● EXERCISE DIRECTIONS
What you return should be only the lines in the entries below between the one holding "進入大堂空間,重點突出了別致" and the one holding "Figure 7-7 Dimension", ends included, with every picture left out.

══════════════════════════════

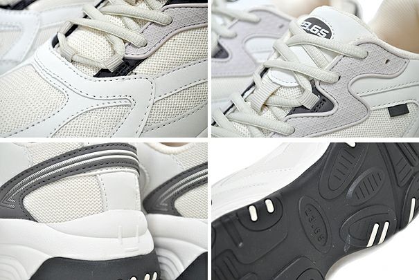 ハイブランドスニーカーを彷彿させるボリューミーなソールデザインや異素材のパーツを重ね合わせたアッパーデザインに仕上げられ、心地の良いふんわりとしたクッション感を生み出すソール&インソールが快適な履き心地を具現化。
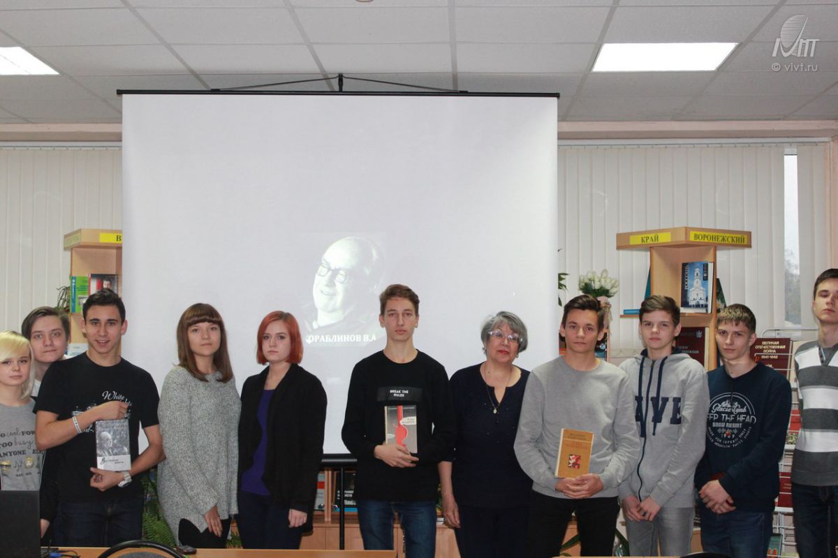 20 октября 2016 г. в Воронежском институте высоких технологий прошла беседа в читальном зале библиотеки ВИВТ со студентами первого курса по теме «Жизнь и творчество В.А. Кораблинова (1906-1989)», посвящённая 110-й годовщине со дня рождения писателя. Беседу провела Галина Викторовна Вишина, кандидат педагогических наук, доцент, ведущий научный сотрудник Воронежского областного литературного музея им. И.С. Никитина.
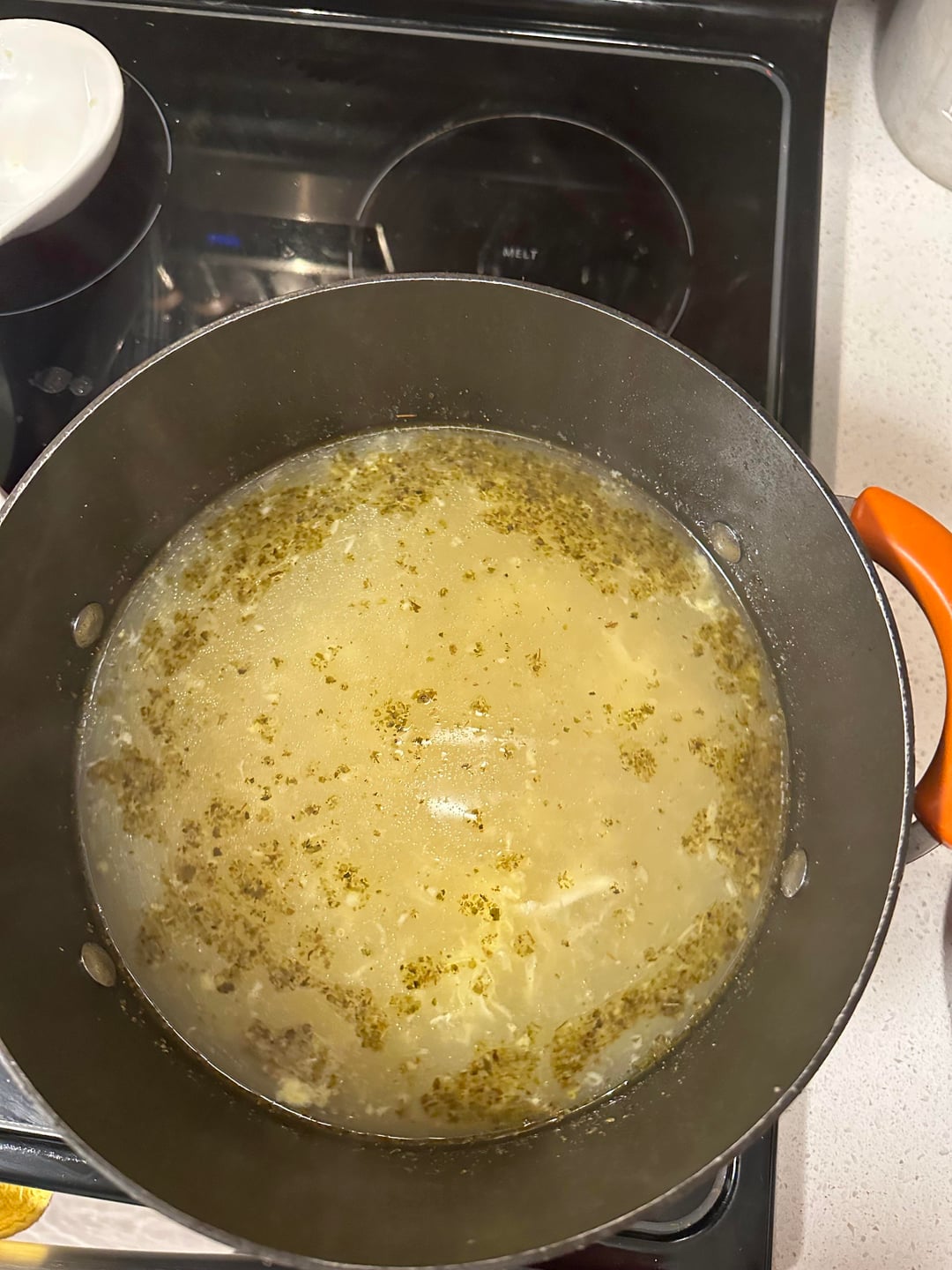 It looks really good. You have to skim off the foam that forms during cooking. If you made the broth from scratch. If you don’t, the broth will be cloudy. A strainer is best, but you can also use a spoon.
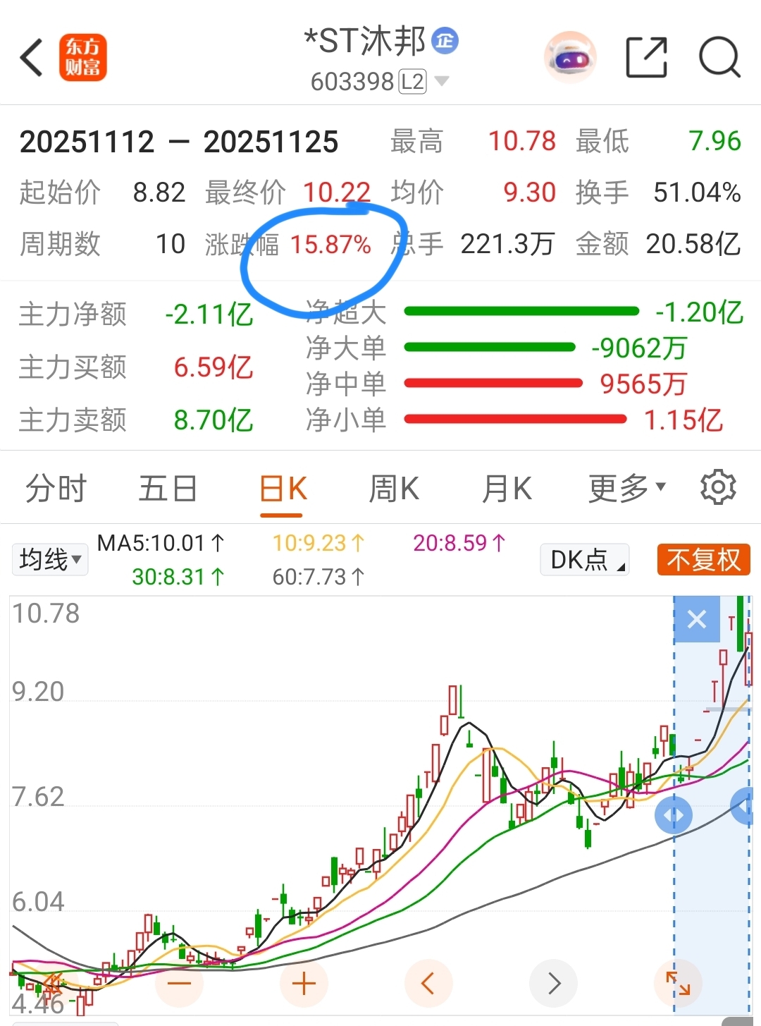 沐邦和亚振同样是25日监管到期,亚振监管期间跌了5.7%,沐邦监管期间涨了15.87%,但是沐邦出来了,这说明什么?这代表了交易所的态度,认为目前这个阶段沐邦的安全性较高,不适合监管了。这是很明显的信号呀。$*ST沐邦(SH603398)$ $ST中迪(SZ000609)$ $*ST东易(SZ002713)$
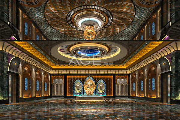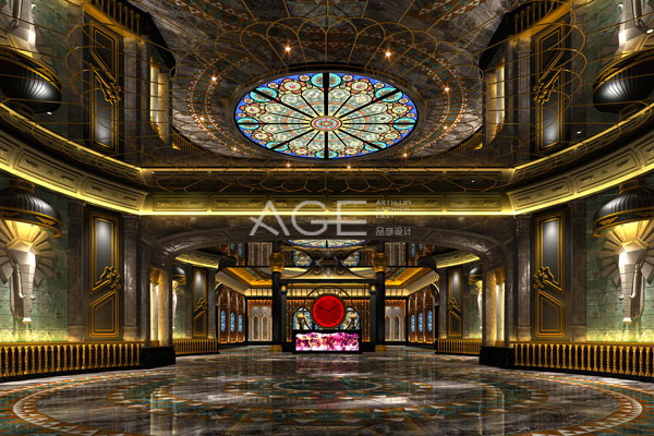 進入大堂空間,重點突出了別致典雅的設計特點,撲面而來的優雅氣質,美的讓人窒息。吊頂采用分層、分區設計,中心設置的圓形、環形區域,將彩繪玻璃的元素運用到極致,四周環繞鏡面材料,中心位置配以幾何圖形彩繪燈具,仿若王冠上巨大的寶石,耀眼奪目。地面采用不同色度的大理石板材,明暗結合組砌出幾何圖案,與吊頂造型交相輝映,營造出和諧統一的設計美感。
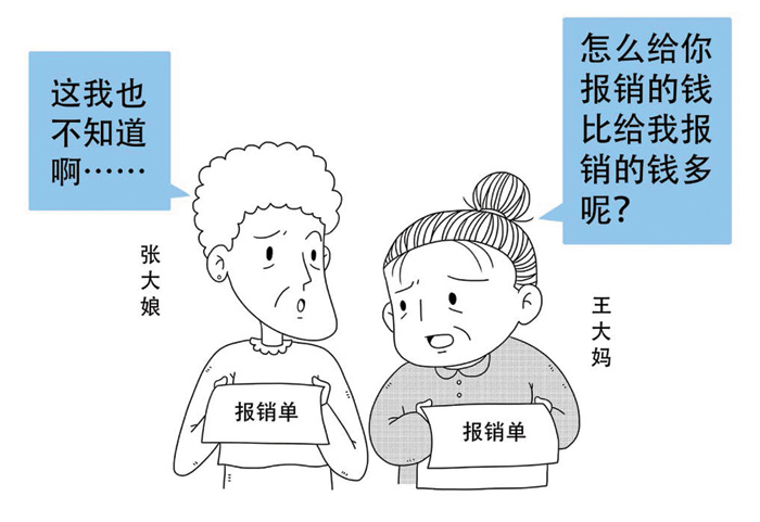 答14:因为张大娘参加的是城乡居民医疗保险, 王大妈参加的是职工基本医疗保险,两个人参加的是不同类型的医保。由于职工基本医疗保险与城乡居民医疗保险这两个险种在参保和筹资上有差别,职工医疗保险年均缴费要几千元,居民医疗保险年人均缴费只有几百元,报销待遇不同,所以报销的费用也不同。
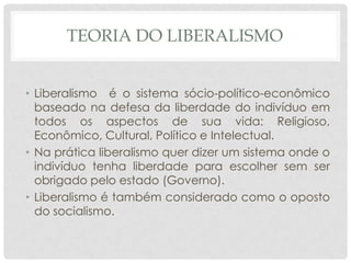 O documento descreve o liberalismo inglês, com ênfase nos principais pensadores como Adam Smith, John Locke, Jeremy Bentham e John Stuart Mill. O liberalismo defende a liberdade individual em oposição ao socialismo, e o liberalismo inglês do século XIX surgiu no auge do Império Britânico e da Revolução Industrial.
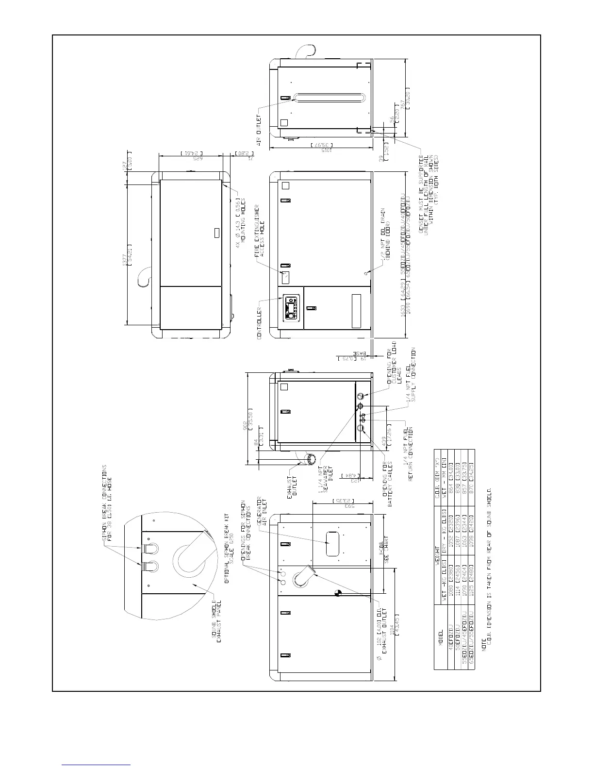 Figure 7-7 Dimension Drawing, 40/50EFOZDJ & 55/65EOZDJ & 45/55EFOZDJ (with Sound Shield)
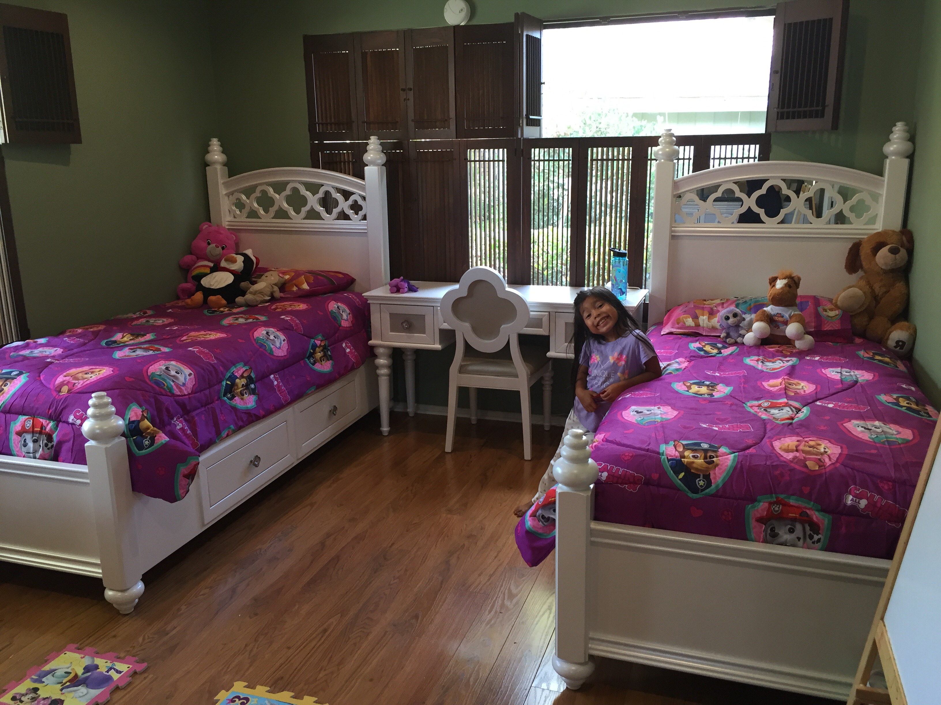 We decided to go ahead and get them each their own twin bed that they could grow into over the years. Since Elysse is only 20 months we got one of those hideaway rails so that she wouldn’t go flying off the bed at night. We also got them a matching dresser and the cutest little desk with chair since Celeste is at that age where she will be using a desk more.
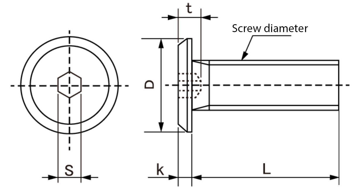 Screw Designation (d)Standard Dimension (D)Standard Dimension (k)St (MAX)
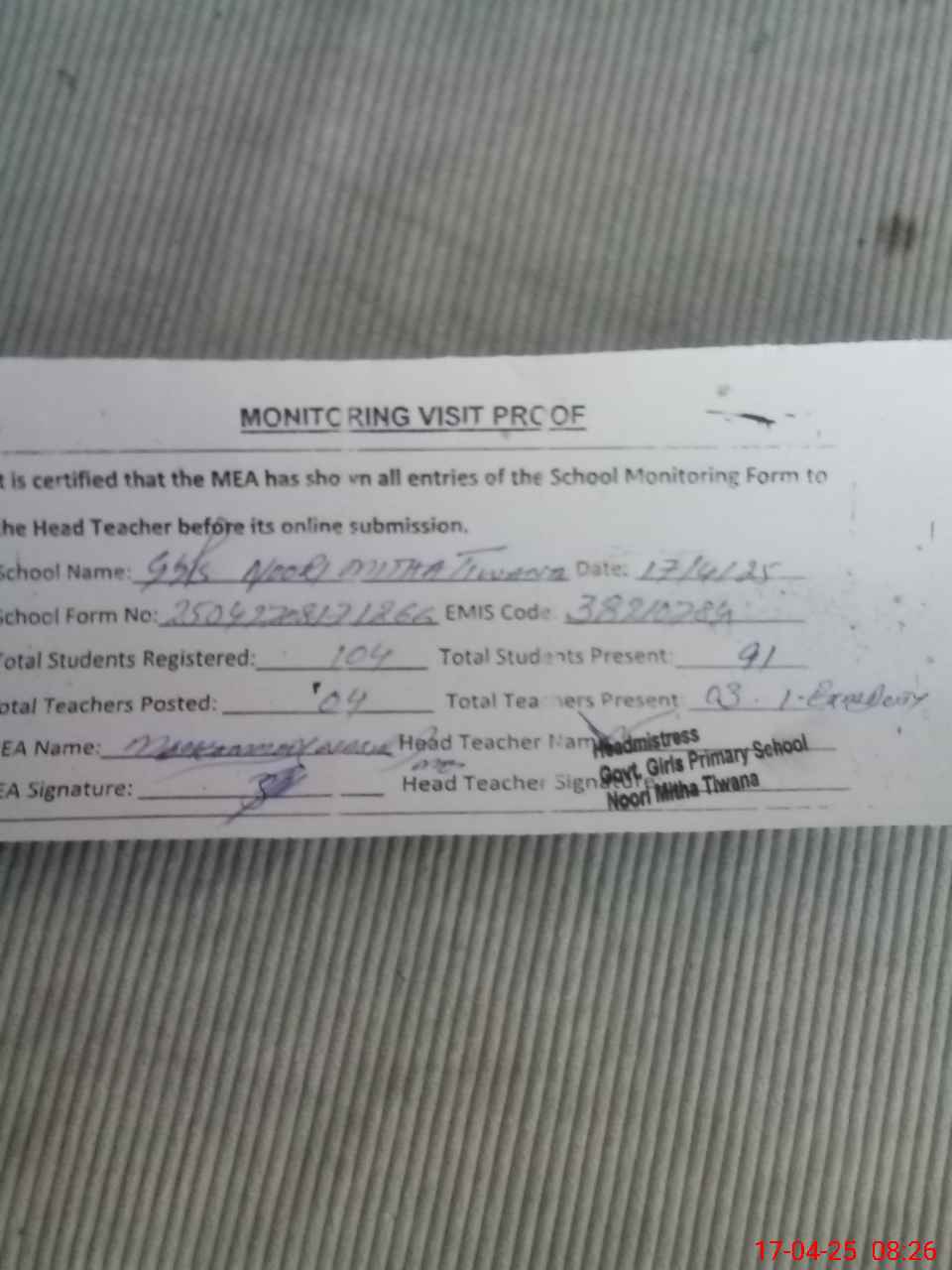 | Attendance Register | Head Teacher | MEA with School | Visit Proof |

══════════════════════════════

● SOLUTION TO THE EXERCISE
 進入大堂空間,重點突出了別致典雅的設計特點,撲面而來的優雅氣質,美的讓人窒息。吊頂采用分層、分區設計,中心設置的圓形、環形區域,將彩繪玻璃的元素運用到極致,四周環繞鏡面材料,中心位置配以幾何圖形彩繪燈具,仿若王冠上巨大的寶石,耀眼奪目。地面采用不同色度的大理石板材,明暗結合組砌出幾何圖案,與吊頂造型交相輝映,營造出和諧統一的設計美感。
 答14:因为张大娘参加的是城乡居民医疗保险, 王大妈参加的是职工基本医疗保险,两个人参加的是不同类型的医保。由于职工基本医疗保险与城乡居民医疗保险这两个险种在参保和筹资上有差别,职工医疗保险年均缴费要几千元,居民医疗保险年人均缴费只有几百元,报销待遇不同,所以报销的费用也不同。
 O documento descreve o liberalismo inglês, com ênfase nos principais pensadores como Adam Smith, John Locke, Jeremy Bentham e John Stuart Mill. O liberalismo defende a liberdade individual em oposição ao socialismo, e o liberalismo inglês do século XIX surgiu no auge do Império Britânico e da Revolução Industrial.
 Figure 7-7 Dimension Drawing, 40/50EFOZDJ & 55/65EOZDJ & 45/55EFOZDJ (with Sound Shield)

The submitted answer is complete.